Pontocerebellar hypoplasia type 1 (PCH1) is an autosomal recessive neurodevelopmental disorder characterized by hypoplasia of the cerebellum and pons, antenatal‐onset microcephaly, and motor neuron degeneration. While mutations in EXOSC3, SLC25A46, and EXOSC8 account for many PCH1 cases, rare VRK1 variants have been implicated in a milder PCH1 phenotype with extended survival and upper motor neuron signs (PMID:29656927).

Autosomal recessive VRK1‐associated PCH1 has been documented in a founder Ashkenazi Jewish proband homozygous for c.1072C>T (p.Arg358Ter) (PMID:25609612). Additional VRK1‐deficient patients exhibit SMA‐like presentations with microcephaly, dystonia, and ataxia, although familial segregation data remain limited.

Functional studies demonstrate that VRK1‐R358X homozygosity leads to complete loss of VRK1 protein, impairing cortical neuronal migration and progenitor proliferation in mouse in utero electroporation assays. Wild‐type VRK1 rescues both proliferation and migration phenotypes, whereas kinase‐dead VRK1 rescues migration alone, indicating a partly noncatalytic role mediated via downregulation of amyloid-β precursor protein (PMID:25609612).

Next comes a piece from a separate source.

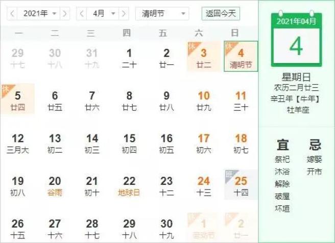 今年清明节放假三天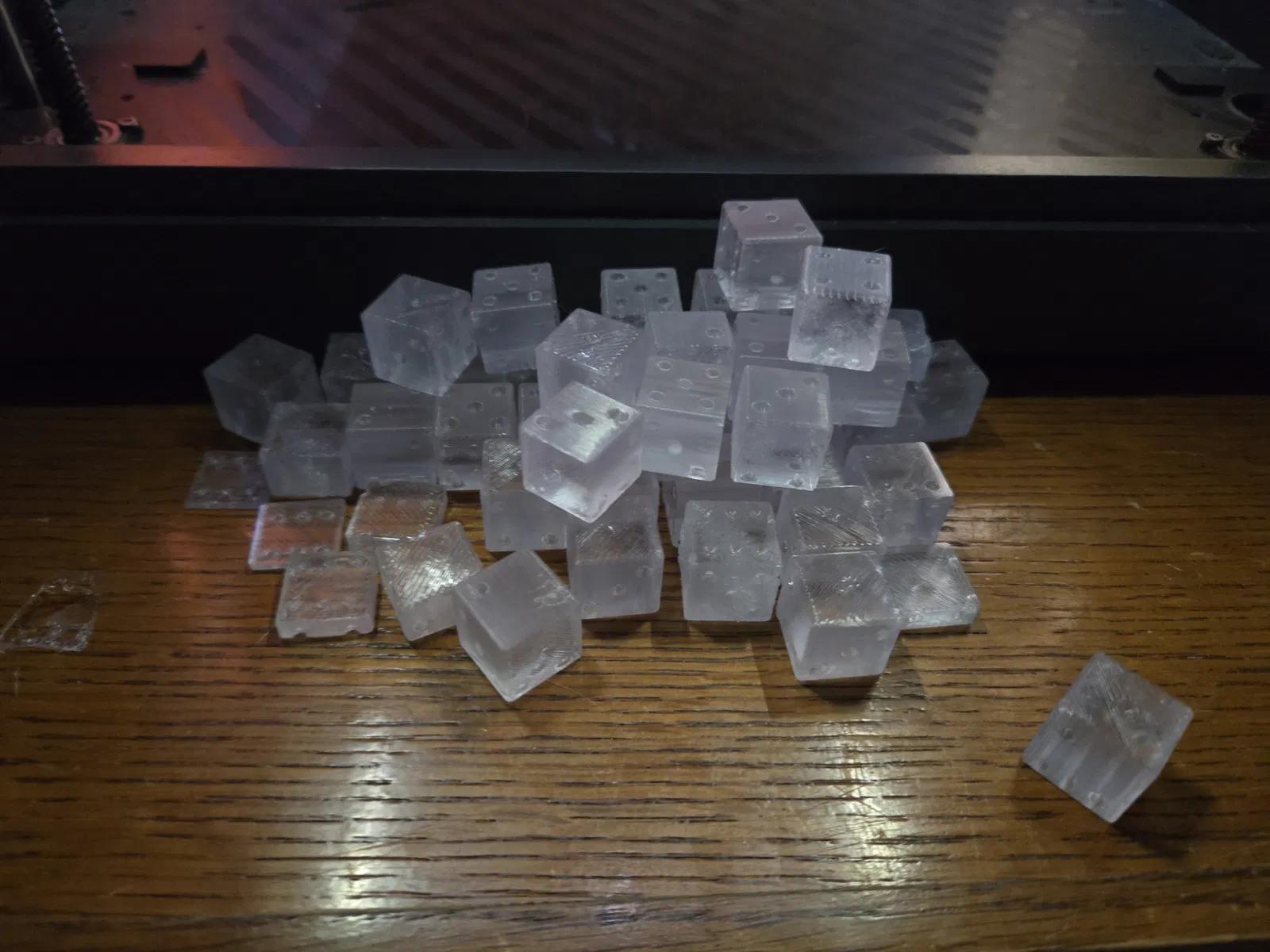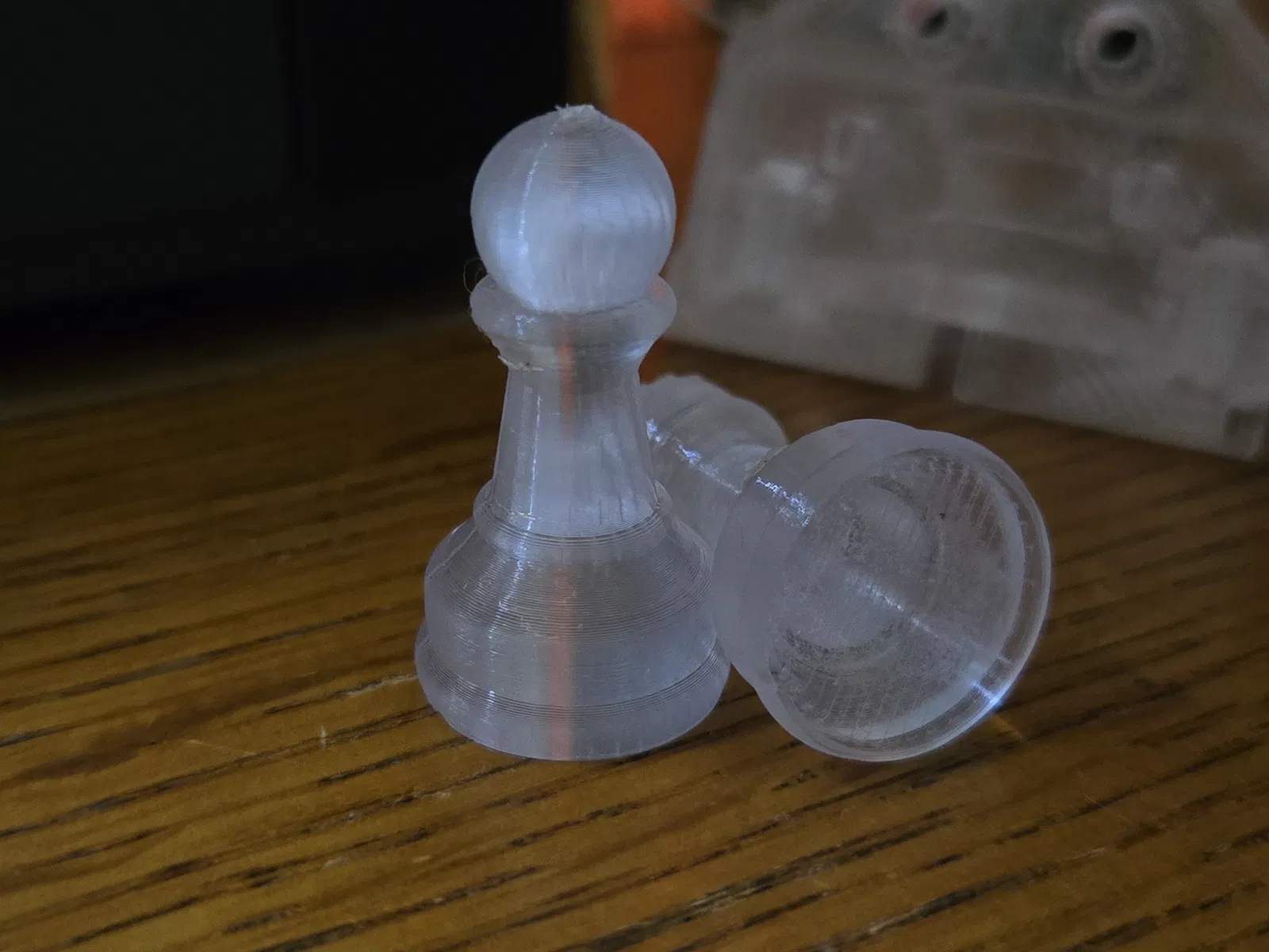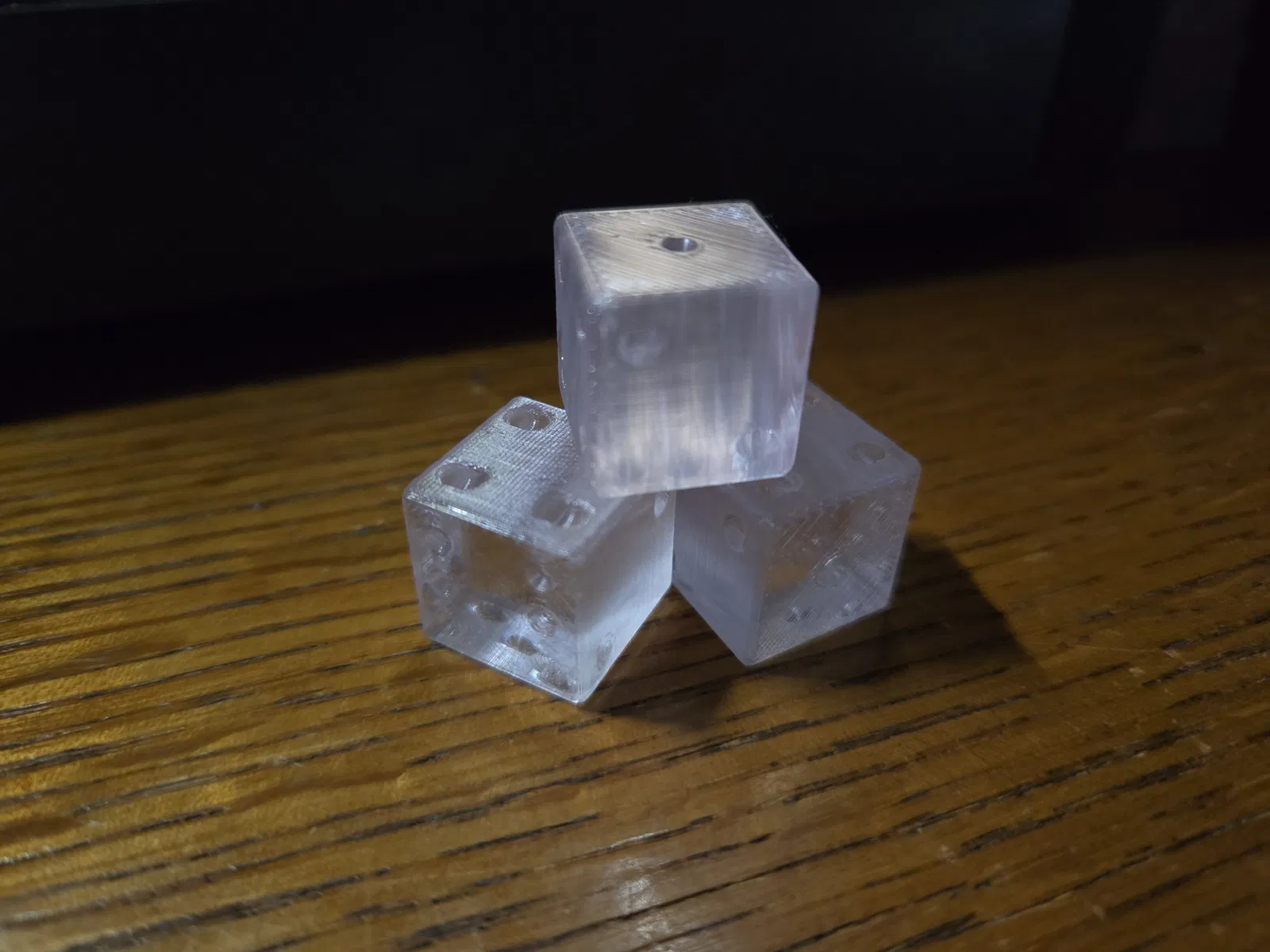 Góc nhìn duy nhất mà vật thể in của bạn trông hoàn toàn trong suốt là từ bề mặt dưới. Điều này là do các lớp trên cùng sẽ lộ rõ các đường vân, và các cạnh bên luôn có vẻ hơi mờ do cách filament được đùn ra và đặt xuống.

In vrk1–/– zebrafish, complete absence of VRK1 causes mild microcephaly, motor dysfunction, reduced brain dopamine, and impaired neuronal proliferation and nuclear envelope integrity, recapitulating key human features of PCH1 and underscoring a loss-of-function mechanism (PMID:37429068).

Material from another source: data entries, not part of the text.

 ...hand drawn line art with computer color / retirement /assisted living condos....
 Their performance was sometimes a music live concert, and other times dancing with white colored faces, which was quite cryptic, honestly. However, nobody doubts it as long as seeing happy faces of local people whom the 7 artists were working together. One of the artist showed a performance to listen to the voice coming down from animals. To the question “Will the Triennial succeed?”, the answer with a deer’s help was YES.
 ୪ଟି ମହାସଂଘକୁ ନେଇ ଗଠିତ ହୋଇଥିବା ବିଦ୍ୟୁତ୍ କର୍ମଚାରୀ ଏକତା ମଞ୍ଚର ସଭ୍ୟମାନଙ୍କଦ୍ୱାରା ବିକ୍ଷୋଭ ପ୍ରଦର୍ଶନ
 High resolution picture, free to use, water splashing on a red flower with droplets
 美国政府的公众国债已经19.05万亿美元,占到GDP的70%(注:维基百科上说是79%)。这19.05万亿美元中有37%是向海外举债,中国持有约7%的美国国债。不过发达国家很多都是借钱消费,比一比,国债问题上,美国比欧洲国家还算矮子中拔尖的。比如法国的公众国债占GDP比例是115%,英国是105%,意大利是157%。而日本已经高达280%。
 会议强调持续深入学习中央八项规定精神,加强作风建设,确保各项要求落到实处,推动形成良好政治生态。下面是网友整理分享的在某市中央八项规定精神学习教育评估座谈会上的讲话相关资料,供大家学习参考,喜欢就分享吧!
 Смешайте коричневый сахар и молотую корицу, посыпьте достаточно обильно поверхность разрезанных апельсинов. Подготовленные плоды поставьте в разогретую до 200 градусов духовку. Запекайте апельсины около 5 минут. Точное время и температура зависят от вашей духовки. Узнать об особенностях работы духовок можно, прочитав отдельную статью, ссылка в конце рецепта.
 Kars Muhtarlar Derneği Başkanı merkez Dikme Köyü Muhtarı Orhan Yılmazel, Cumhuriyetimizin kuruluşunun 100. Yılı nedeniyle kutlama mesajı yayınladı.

Collectively, these data support VRK1 haploinsufficiency as a pathogenic mechanism in a subset of PCH1 cases, with robust in vivo and in vitro concordance. Further identification of additional VRK1 families and segregation analyses will refine penetrance estimates and continuum with other motor neuron disorders.

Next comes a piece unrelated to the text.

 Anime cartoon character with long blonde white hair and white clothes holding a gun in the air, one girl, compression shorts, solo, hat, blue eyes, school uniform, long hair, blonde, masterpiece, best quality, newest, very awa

Key Take-home: VRK1 loss-of-function variants cause a distinct, autosomal recessive PCH1 phenotype, warranting inclusion of VRK1 in diagnostic gene panels for Pontocerebellar hypoplasia type 1.

References

  • European journal of paediatric neurology • 2018 • Pontocerebellar hypoplasia type 1 for the neuropediatrician: Genotype-phenotype correlations and diagnostic guidelines based on new cases and overview of the literature. PMID:29656927
  • The Journal of neuroscience • 2015 • The spinal muscular atrophy with pontocerebellar hypoplasia gene VRK1 regulates neuronal migration through an amyloid-β precursor protein-dependent mechanism PMID:25609612
  • Biochemical and biophysical research communications • 2023 • Behavioral and neurological effects of Vrk1 deficiency in zebrafish. PMID:37429068

Evidence Based Scoring (AI generated)

Gene–Disease Association

Moderate

Limited number of AR VRK1-PCH1 cases (e.g., one founder homozygous c.1072C>T (p.Arg358Ter) proband) but concordant phenotypes across reports (PMID:25609612; literature review includes VRK1 cases (PMID:29656927)).

Genetic Evidence

Limited

Single founder homozygous proband without segregation data; autosomal recessive inheritance (PMID:25609612).

Functional Evidence

Strong

Murine in utero electroporation knockdown and rescue studies and vrk1–/– zebrafish model recapitulate microcephaly and motor deficits, demonstrating loss-of-function mechanism (PMID:25609612; PMID:37429068).